For the client example, check:
- [test.py](./test.py): simple demo.
- [test_cohere_wiki.py](./test_cohere_wiki.py): a Wikipedia dataset with Cohere embedding.

## API

We provide a simple sync/async [client](./qtext/client.py). You can also refer to the OpenAPI and build your own client.

- `/api/namespace` POST: create a new namespace and configure the index
- `/api/doc` POST: add a new doc
- `/api/query` POST: query the docs
- `/api/highlight` POST: semantic highlight
- `/metrics` GET: open metrics

Check the [OpenAPI documentation](http://127.0.0.1:8000/openapi/redoc) for more information (this requires the qtext service).

## Terminal UI

We provide a simple terminal UI powered by [Textual](https://github.com/textualize/textual) for you to interact with the service.

```bash
pip install textual
# need to run the qtext service first
python tui/main.py $QTEXT_PORT
```

## Configurations

Check the [config.py](./qtext/config.py) for more detail. It will read the `$HOME/.config/qtext/config.json` if this file exists.

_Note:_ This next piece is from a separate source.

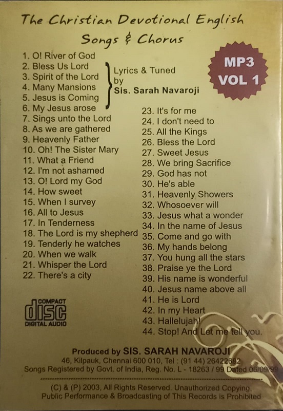 Friends, you can listen to “Bless Us LORD JESUS” English songs by Sis. Sarah Navaroji here.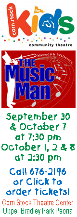 Music Man by Corn Stock for Kids continues at the Corn Stock Theatre Center (located in upper Bradley Park) beginning at 7:30 pm on Friday and at 2:30 pm on Saturday. The classic musical features favorite songs "Wells Fargo Wagon", "Trouble", "Seventy-Six Trombones" and "Shipoopie". Tickets are $14 for adults and $8 for children 12 and under and are available at the Corn Stock box office, by calling 309-676-2196 or online at www.CornStockTheatre.com

## Integrate to the RAG pipeline

This project has most of the components you need for the RAG except for the last LLM generation step. You can send the retrieval + reranked docs to any LLM providers to get the final result.

## Customize the table schema

> [!NOTE]
> If you already have the table in Postgres, you will be responsible for the text-indexing and vector-indexing part.

1. Define a `dataclass` that includes the **necessary** columns as class attributes
   - annotate the `primary_key`, `text_index`, `vector_index`, `sparse_index` with metadata (not all of them are required, only the necessary ones)
   - attributes without default value or default factory is treated as required when you add new docs
2. Implement the `to_record` and `from_record` methods to be used in the reranking stage
3. Change the `config.vector_store.schema` to the class you have defined

Check the [schema.py](/qtext/schema.py) for more details.